╭──

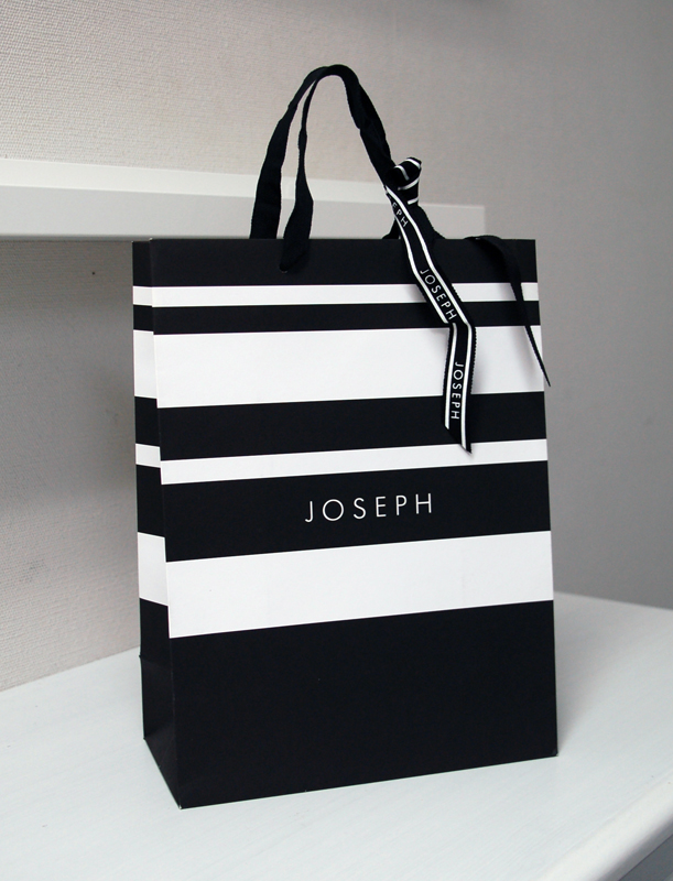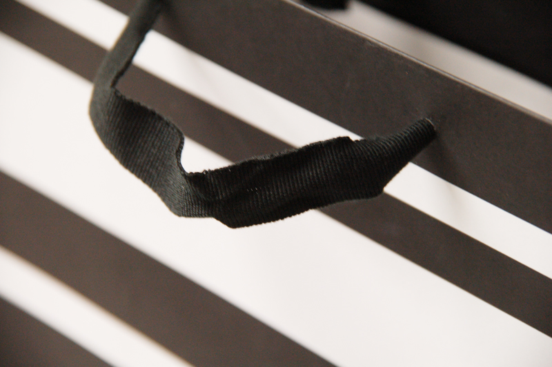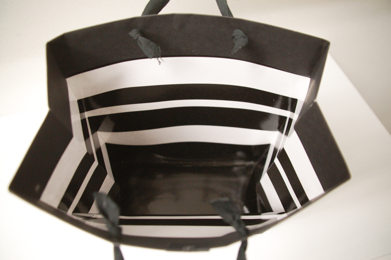 大人っぽいモノトーンのショップ袋2012年05月20日 こんにちはベリービーの芦谷です。 今日はとても大人っぽいモノトーンがカッコイイ紙袋をご紹介します。 シンプルなモノトーンが印象的です。 手提げ紐にかけられたリボンが マニッシュになりすぎず、フェミニンなイメージを持たせていますね。 手提げ紐は真っ黒いグログランテープ。 内側にもモノトーンのストライプが紙袋の内側に印刷されています。 徹底したモノトーンがとってもカッコイイ大人っぽい紙袋ですね。
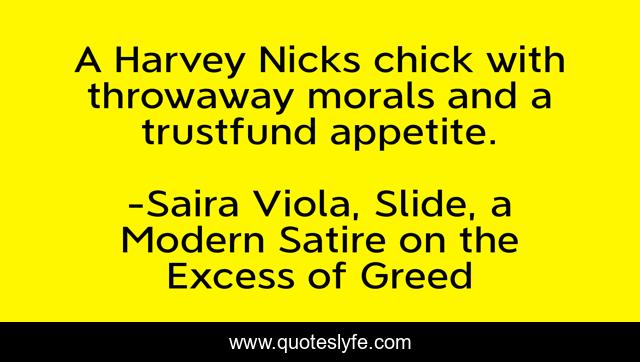 "Saira Viola, Slide, a Modern Satire on the Excess of Greed Quotes." Quoteslyfe.com, 2025. Mon. 08 Dec. 2025. <https://www.quoteslyfe.com/quote/A-Harvey-Nicks-chick-with-throwaway-morals-212761>.
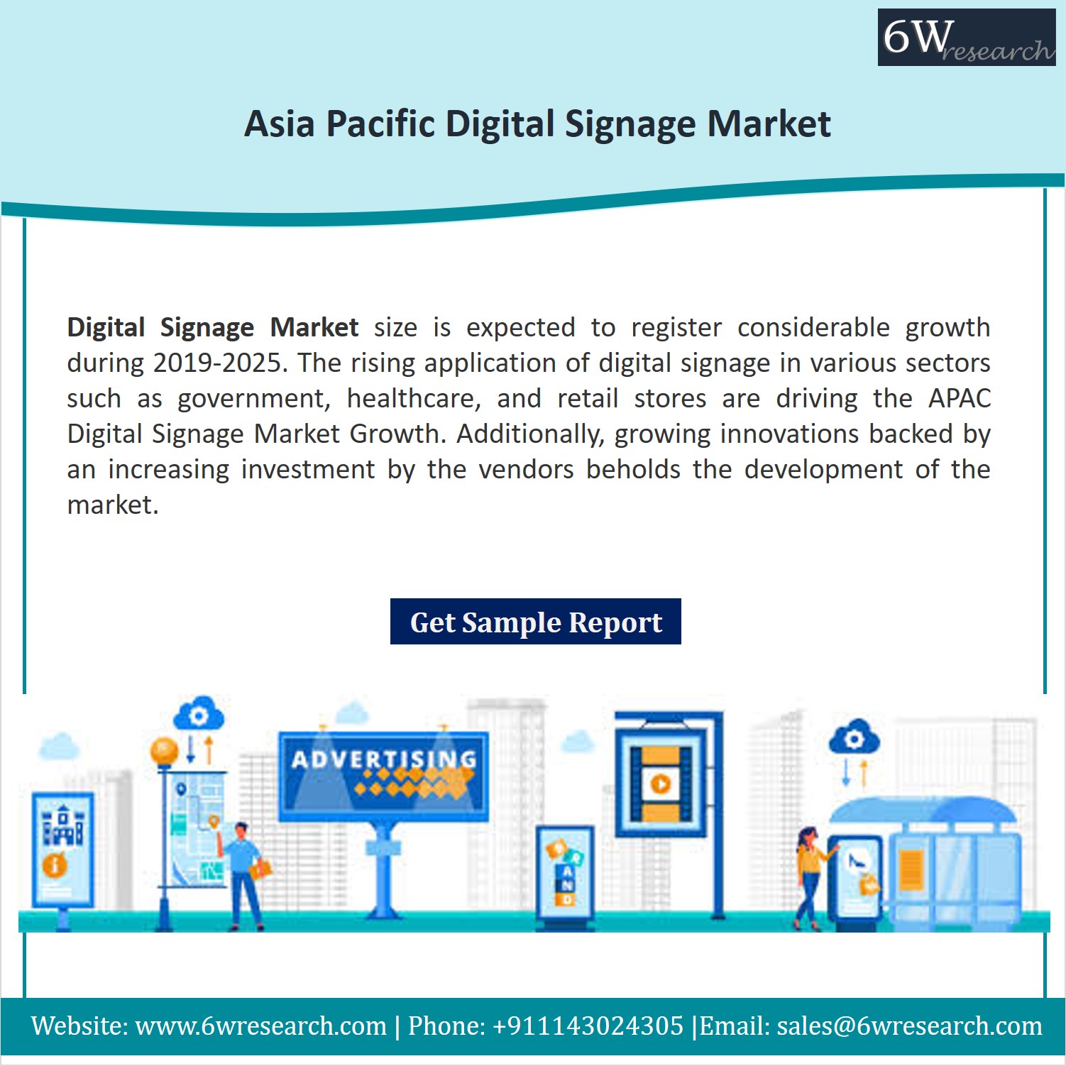 According to 6Wresearch, the Asia Pacific (APAC) Digital Signage Market size is expected to register considerable growth during 2019-2025. The rising application of digital signage in various sectors such as government, healthcare, and retail stores are driving the APAC Digital Signage Market Growth. Additionally, growing innovations backed by an increasing investment by the vendors beholds the development of the market. Low labor cost coupled with less application cost is expected to accelerate the Asia Pacific Digital Signage Market Share. The extensive application of digital signage in the commercial sector is one of the major factors contributing to the development of the market.
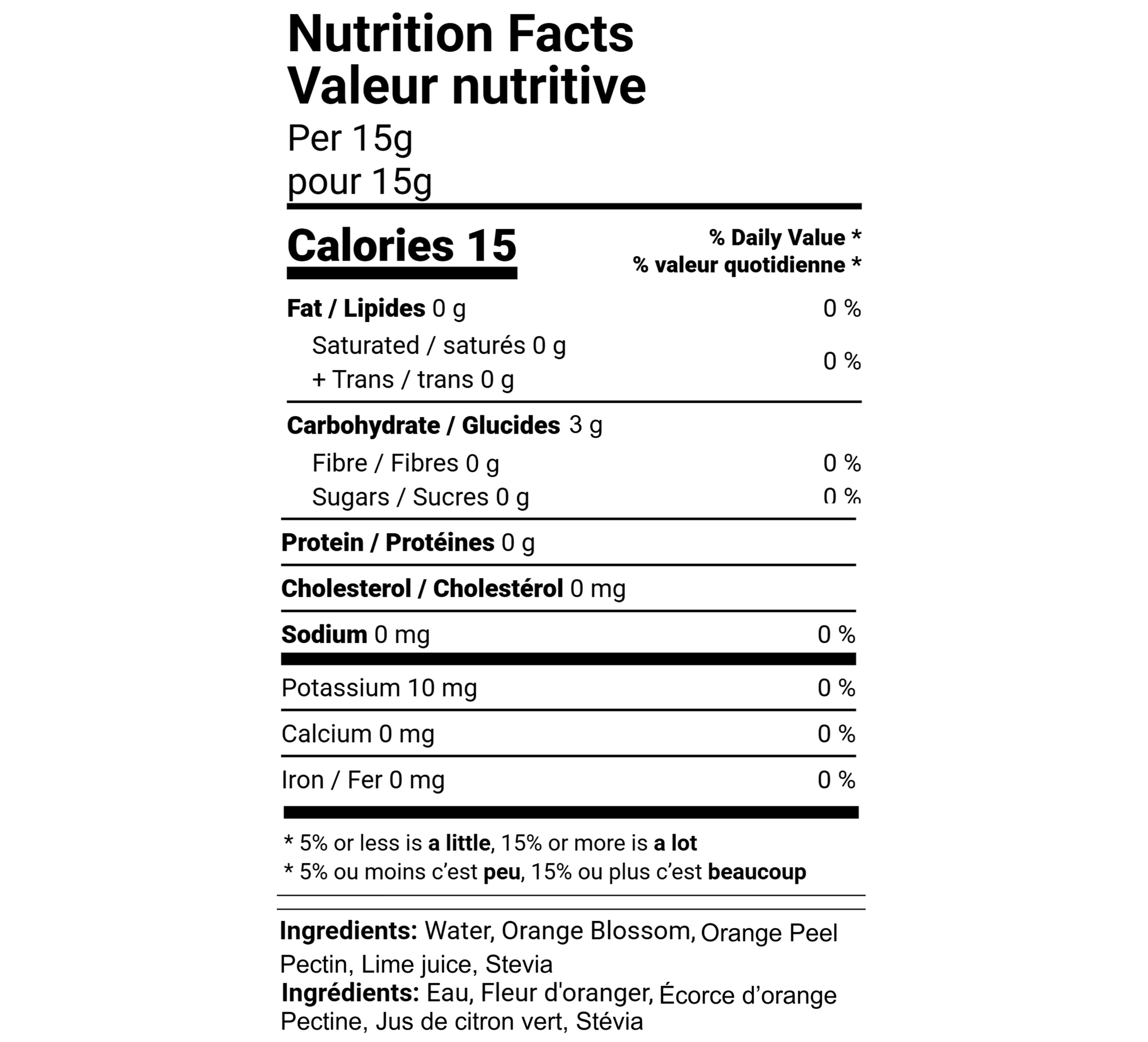 Water, Orange Blossom, Orange Peel, Pectin, Lime Juice, Stevia.
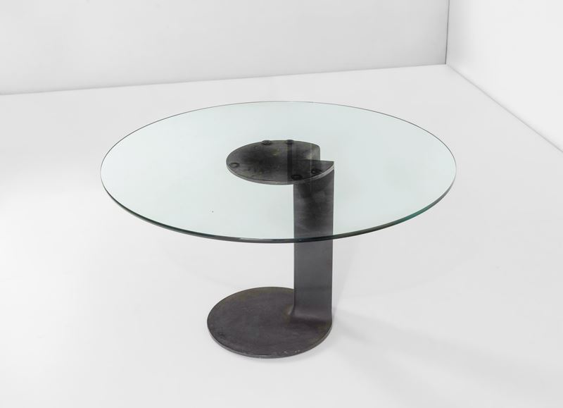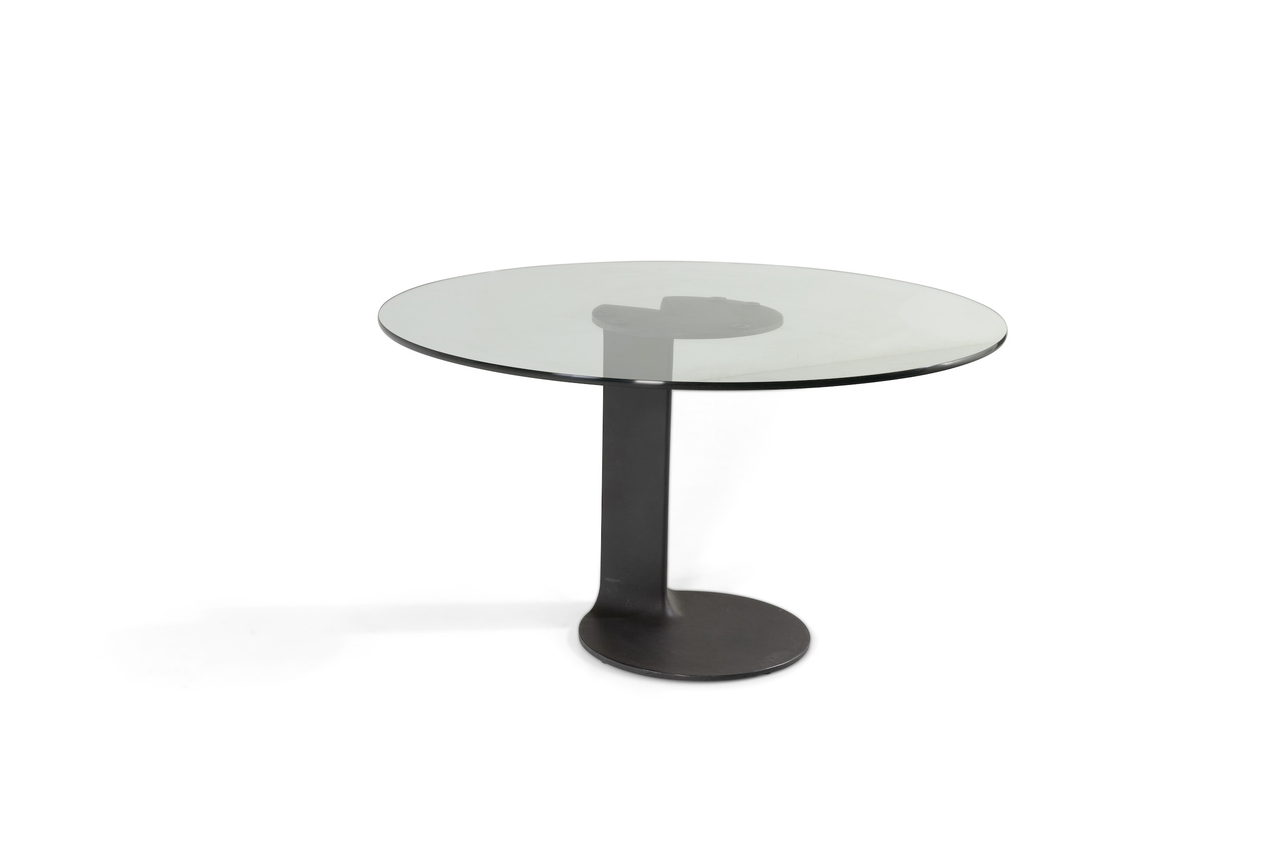 Struttura in fusione di alluminio brunito e piano circolare in cristallo molato.
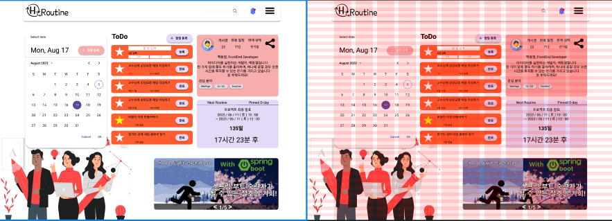 메인 페이지에 접속했을 때 일정을 가장 확실하고도 간단하게 관리할 수 있을 만한 디자인을 구상하였다
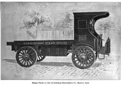 The Cunningham Steam Wagon was a product of the Massachusetts Steam Wagon Company of Pittsfield, Massachusetts, in the United States. The firm was established in December 1900, with the intention of manufacturing the products that the Cunningham Engineering Company of Boston, Massachusetts, planned to develop. Instead, they built a small steam powered truck with four wheel drive. Production ceased at the end of 1901.
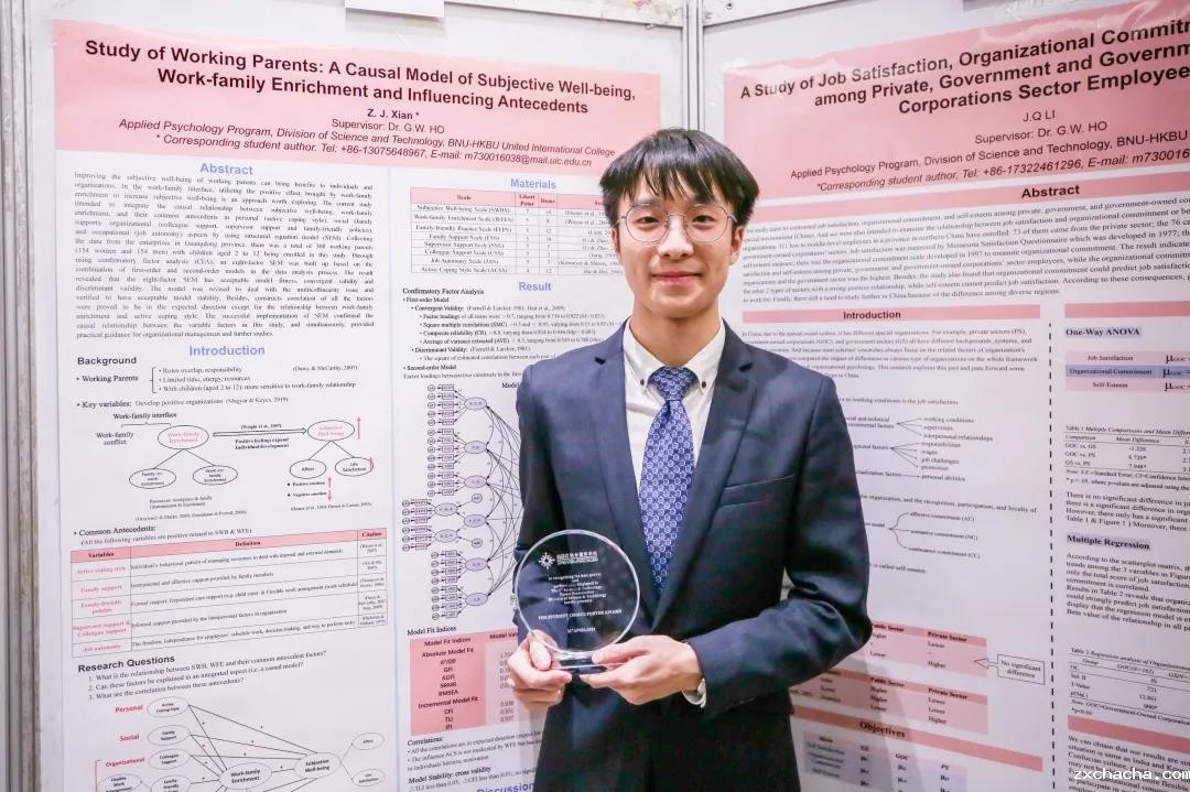2017级应用心理学专业的冼梓敬的课题“双职工研究:由主观幸福感,工作-家庭促进与其前因变量组成的因果模型”获得了“最受欢迎海报奖”。他运用了结构方程模型(SEM)来分析主观幸福感、工作-家庭促进与其共同前因变量之间的因果关系。该研究中结构方程模型的成功运用,证实了变量因素之间的因果关系,同时也为组织管理和未来的研究提供了实用的指导。

╰──

◆ **REQUIRED WORK**:
The entries above should be reproduced exactly, without their pictures.

◆ **RESPONSE AREA**:
 大人っぽいモノトーンのショップ袋2012年05月20日 こんにちはベリービーの芦谷です。 今日はとても大人っぽいモノトーンがカッコイイ紙袋をご紹介します。 シンプルなモノトーンが印象的です。 手提げ紐にかけられたリボンが マニッシュになりすぎず、フェミニンなイメージを持たせていますね。 手提げ紐は真っ黒いグログランテープ。 内側にもモノトーンのストライプが紙袋の内側に印刷されています。 徹底したモノトーンがとってもカッコイイ大人っぽい紙袋ですね。
 "Saira Viola, Slide, a Modern Satire on the Excess of Greed Quotes." Quoteslyfe.com, 2025. Mon. 08 Dec. 2025. <https://www.quoteslyfe.com/quote/A-Harvey-Nicks-chick-with-throwaway-morals-212761>.
 According to 6Wresearch, the Asia Pacific (APAC) Digital Signage Market size is expected to register considerable growth during 2019-2025. The rising application of digital signage in various sectors such as government, healthcare, and retail stores are driving the APAC Digital Signage Market Growth. Additionally, growing innovations backed by an increasing investment by the vendors beholds the development of the market. Low labor cost coupled with less application cost is expected to accelerate the Asia Pacific Digital Signage Market Share. The extensive application of digital signage in the commercial sector is one of the major factors contributing to the development of the market.
 Water, Orange Blossom, Orange Peel, Pectin, Lime Juice, Stevia.
 Struttura in fusione di alluminio brunito e piano circolare in cristallo molato.
 메인 페이지에 접속했을 때 일정을 가장 확실하고도 간단하게 관리할 수 있을 만한 디자인을 구상하였다
 The Cunningham Steam Wagon was a product of the Massachusetts Steam Wagon Company of Pittsfield, Massachusetts, in the United States. The firm was established in December 1900, with the intention of manufacturing the products that the Cunningham Engineering Company of Boston, Massachusetts, planned to develop. Instead, they built a small steam powered truck with four wheel drive. Production ceased at the end of 1901.
2017级应用心理学专业的冼梓敬的课题“双职工研究:由主观幸福感,工作-家庭促进与其前因变量组成的因果模型”获得了“最受欢迎海报奖”。他运用了结构方程模型(SEM)来分析主观幸福感、工作-家庭促进与其共同前因变量之间的因果关系。该研究中结构方程模型的成功运用,证实了变量因素之间的因果关系,同时也为组织管理和未来的研究提供了实用的指导。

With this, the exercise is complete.